A stretch of the entries below is to be set down exactly, running from the line with "Chỉ số đô la" through the line with "14 Karat white", both included, and no other line.

[[ Input, beginning ]]

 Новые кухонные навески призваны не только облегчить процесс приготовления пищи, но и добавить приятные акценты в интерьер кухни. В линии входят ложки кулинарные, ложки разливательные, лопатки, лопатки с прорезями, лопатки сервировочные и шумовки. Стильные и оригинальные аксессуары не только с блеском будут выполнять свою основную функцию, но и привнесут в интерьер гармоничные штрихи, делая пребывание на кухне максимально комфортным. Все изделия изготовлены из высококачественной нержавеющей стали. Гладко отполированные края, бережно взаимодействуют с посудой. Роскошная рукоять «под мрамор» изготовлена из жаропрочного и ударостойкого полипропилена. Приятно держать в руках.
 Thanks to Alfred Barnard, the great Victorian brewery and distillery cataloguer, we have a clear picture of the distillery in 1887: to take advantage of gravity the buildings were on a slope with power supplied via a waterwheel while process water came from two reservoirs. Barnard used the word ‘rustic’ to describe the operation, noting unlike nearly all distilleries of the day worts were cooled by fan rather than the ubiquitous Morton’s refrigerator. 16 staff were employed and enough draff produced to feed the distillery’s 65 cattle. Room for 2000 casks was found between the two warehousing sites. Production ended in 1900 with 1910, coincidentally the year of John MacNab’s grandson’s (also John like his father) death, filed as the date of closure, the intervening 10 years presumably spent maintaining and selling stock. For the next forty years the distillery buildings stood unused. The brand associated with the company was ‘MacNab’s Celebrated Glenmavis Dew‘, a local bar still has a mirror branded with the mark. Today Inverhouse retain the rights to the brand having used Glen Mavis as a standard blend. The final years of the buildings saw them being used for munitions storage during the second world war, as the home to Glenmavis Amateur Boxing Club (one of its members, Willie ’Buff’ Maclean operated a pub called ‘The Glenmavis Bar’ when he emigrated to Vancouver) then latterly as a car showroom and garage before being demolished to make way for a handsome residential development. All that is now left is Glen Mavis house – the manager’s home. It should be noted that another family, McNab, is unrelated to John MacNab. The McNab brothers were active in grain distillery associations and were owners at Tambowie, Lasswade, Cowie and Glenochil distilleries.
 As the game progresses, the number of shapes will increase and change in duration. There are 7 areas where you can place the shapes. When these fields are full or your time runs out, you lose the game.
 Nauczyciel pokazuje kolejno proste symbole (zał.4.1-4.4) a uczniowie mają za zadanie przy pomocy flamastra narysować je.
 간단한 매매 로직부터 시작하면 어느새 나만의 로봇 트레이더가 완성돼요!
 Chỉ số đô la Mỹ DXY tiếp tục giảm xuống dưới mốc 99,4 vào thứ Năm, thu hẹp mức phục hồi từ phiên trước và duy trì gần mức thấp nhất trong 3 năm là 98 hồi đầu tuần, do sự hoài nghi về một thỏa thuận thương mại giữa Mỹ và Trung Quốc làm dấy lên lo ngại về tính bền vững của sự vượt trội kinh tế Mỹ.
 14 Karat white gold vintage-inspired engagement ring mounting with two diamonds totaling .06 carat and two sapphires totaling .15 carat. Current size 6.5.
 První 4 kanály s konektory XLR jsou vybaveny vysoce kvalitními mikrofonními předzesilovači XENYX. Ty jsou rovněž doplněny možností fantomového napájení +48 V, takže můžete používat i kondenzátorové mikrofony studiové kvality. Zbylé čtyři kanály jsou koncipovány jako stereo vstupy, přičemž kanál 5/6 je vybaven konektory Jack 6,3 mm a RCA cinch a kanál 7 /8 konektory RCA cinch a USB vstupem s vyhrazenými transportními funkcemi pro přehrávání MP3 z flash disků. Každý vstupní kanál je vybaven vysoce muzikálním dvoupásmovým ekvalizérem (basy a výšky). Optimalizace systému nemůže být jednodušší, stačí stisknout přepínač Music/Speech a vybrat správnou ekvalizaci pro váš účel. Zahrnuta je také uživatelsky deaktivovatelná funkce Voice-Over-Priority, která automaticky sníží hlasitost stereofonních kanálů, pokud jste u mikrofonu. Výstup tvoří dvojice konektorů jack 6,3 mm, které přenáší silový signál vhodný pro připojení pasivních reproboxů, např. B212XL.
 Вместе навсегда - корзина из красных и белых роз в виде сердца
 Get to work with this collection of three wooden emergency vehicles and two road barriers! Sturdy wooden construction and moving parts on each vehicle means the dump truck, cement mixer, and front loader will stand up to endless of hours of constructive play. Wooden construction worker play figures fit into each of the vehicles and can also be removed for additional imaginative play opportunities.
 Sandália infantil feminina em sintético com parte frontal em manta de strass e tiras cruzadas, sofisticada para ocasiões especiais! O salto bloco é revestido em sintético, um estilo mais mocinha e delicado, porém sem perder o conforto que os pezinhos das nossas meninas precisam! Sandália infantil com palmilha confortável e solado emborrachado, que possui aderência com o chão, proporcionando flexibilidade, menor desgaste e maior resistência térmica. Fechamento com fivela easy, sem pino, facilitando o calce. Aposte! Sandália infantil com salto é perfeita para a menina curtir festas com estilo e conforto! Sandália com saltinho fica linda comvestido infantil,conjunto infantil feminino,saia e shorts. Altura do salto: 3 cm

[[ Input, end ]]

[Finished task]
 Chỉ số đô la Mỹ DXY tiếp tục giảm xuống dưới mốc 99,4 vào thứ Năm, thu hẹp mức phục hồi từ phiên trước và duy trì gần mức thấp nhất trong 3 năm là 98 hồi đầu tuần, do sự hoài nghi về một thỏa thuận thương mại giữa Mỹ và Trung Quốc làm dấy lên lo ngại về tính bền vững của sự vượt trội kinh tế Mỹ.
 14 Karat white gold vintage-inspired engagement ring mounting with two diamonds totaling .06 carat and two sapphires totaling .15 carat. Current size 6.5.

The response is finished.